Joint Tenancy Q and A
Joint Tenancy ownership is where two or more people hold title to an asset. Joint tenancy with rights of survivorship (JT/WROS) features a right of survivorship. The term "right of survivorship" means that upon the death of one joint owner, title passes by "operation of law" to the surviving owner who receives sole ownership of the asset. It is a type of ownership that will not be controlled by either your will or your trust.
Joint tenancy ownership does not provide protection for children when a surviving spouse remarries after the death of the first spouse. If a married couple owns all of their assets in joint tenancy and one spouse dies, all assets pass by operation of law to the surviving spouse. There may be no protection for children if the surviving spouse remarries and places his/her assets in joint tenancy with a new spouse.
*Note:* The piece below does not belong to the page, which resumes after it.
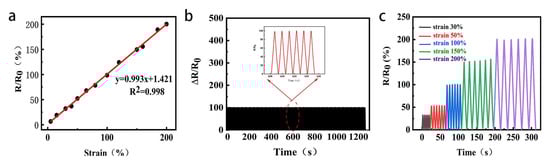 (a) Relative resistance change linear fitting curve of the hydrogel with varying tensile strain. (b) The curve of relative resistance changes of the strain sensor for 220 times under cyclic stretching-releasing testing up to 100% strain. (c) The curve of relative resistance change of the hydrogel with varying tensile strain.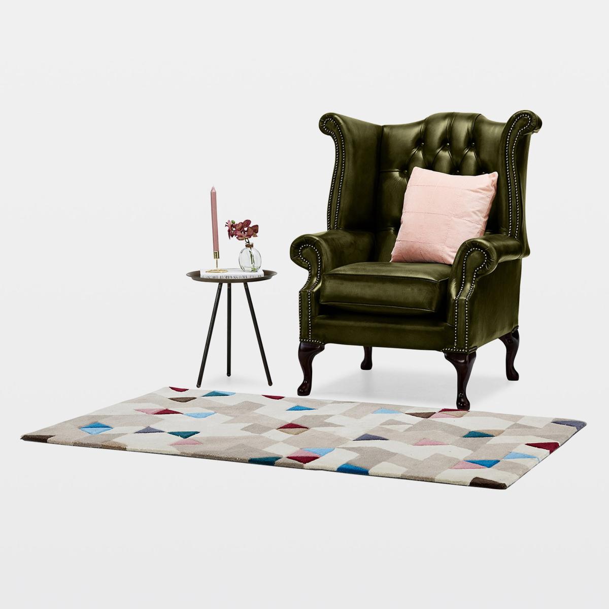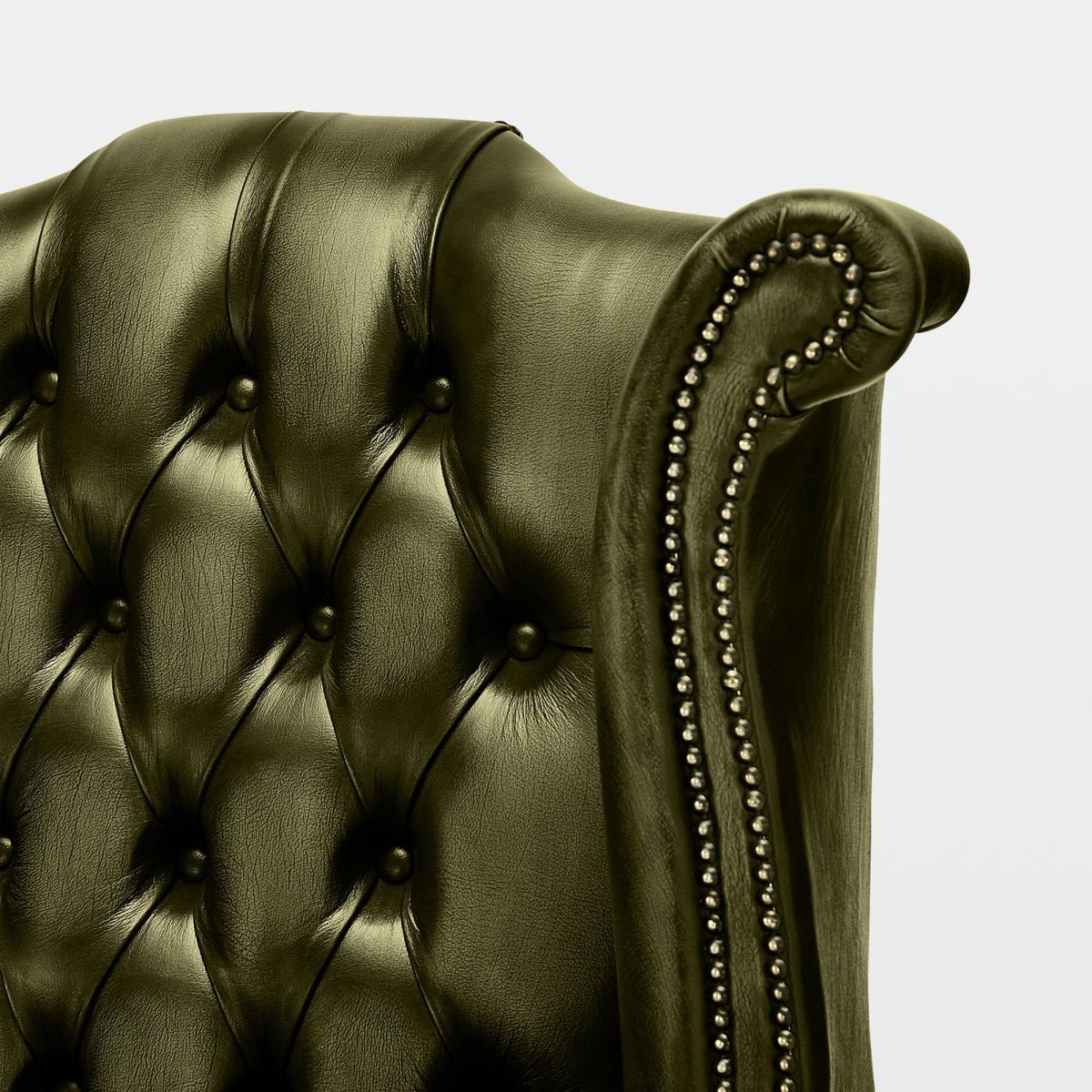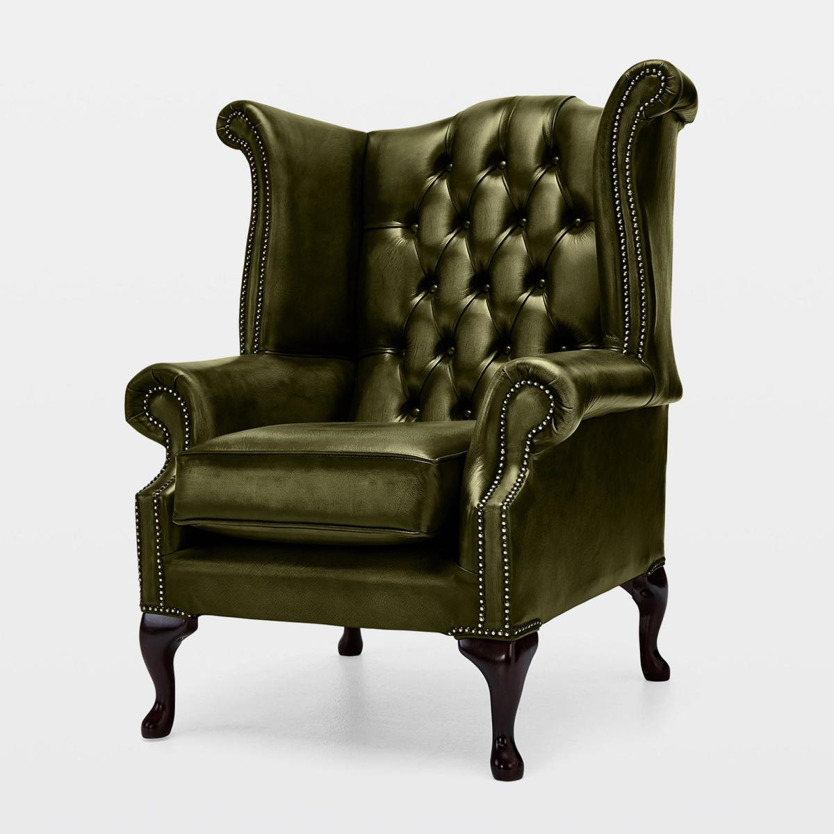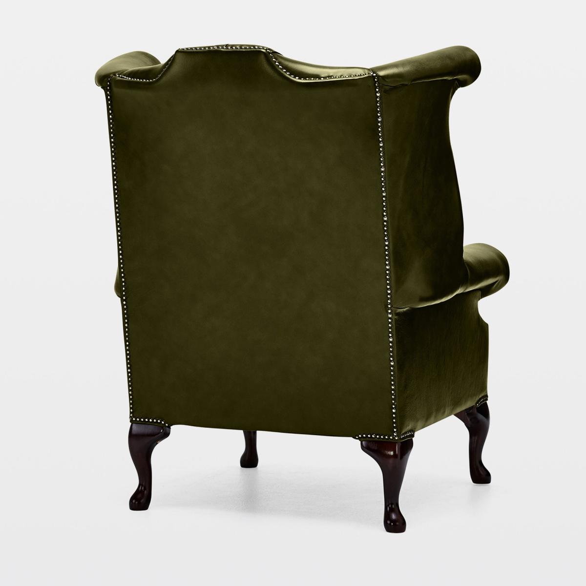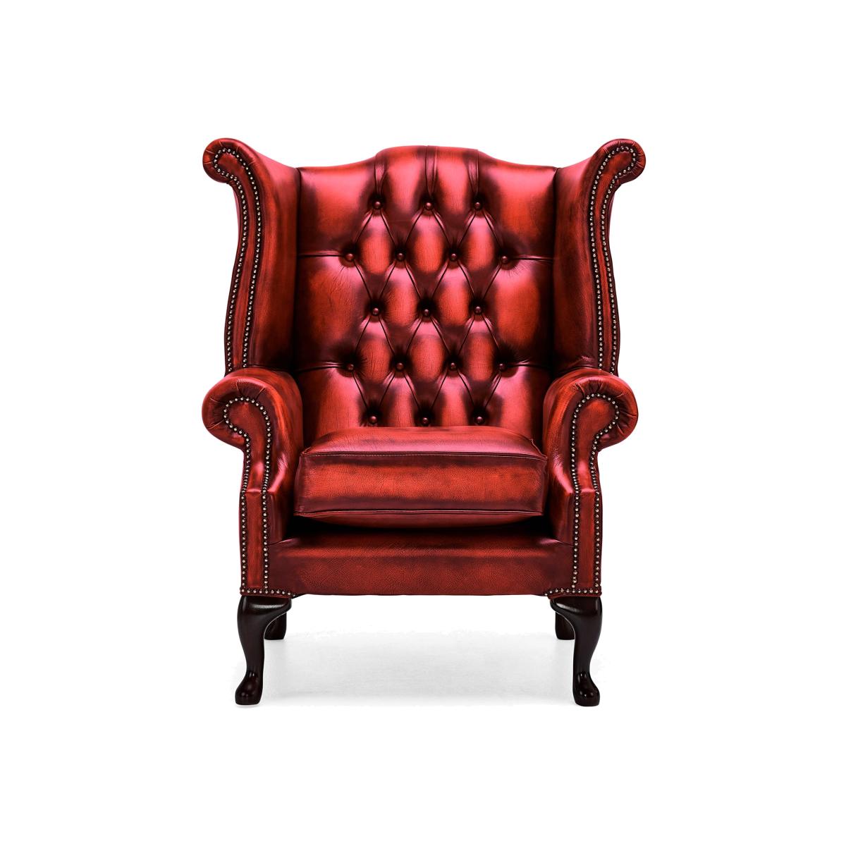 This armchair is a bold statement piece that works particularly well in traditional or Victorian-inspired interiors, adding a touch of regal elegance. I love its rich antique leather finish paired with the classic Queen Anne shape, which creates a timeless look. When styling, consider pairing it with neutral-toned furnishings to let the chair truly stand out, or add a contrasting modern throw for an eclectic twist. Practical tips include placing it in a reading nook or study, where its comfortable high back and plush upholstery can be appreciated fully. To keep it looking its best, regular conditioning of the leather is recommended, ensuring the rich red hue remains vibrant over time.

For example, if the surviving spouse predeceases the new spouse, all property passes to the spouse, not to the children as their parents may have originally intended.
The answer is that joint tenancy ownership often only delays the probate process. Upon the death of the first joint tenant, title passes automatically to the surviving joint tenant, thereby avoiding the probate process on the first death. Let's look at the example of a married couple who owns all of their assets in joint tenancy. On the death of the first spouse, there is no probate because ownership of the assets passes by operation of law to the surviving spouse. However, on the death of the surviving spouse, there will be a probate unless the surviving spouse creates a new joint tenancy or places his or her assets in a living trust.
Individuals often look at joint tenancy as an avenue to avoid probate or to have financial assistance. However, when a parent places a child on as a joint tenant on their real estate, stocks or other investments, they are often unaware that they have made a gift of one-half of the value of the property. If that value exceeds $10,000 in one year, the gift is a taxable gift and the parent must file a gift tax return.
As previously mentioned, property held in joint tenancy passes by operation of law to the surviving joint owner. Although title passes to the surviving joint owner, the value of the owner's interest in the property is included in his/her estate for federal estate tax purposes. Therefore, an owner's family may pay substantial federal estate taxes on property they do not receive.
Basis is generally defined as what you paid for an asset (cost basis). If you paid $1,000 for 10 shares of stock, your basis in the stock is $1,000. Different rules apply for inherited and gifted property. If you inherit property, your basis is the value of the property as of the date of death of the previous owner. If you inherited 10 shares of stock and the shares were valued at $50,000 as of the date of death of the previous owner, your basis in the shares would be $50,000. When you inherit property, you receive a 100% step-up in basis. However, if you receive a gift of property, you receive what is called a carry-over basis. In other words, if you received 10 shares of stock as a gift and the basis of the previous owner was $10,000, your basis in the shares would be $10,000. The basis "carries" over to you regardless of what the shares are worth at the time the gift is made. Therefore, it may be better to leave your heirs appreciated property rather than make an outright gift to them during your lifetime. With inherited property, your heirs will be able to take advantage of the step-up in basis when they proceed to sell the property.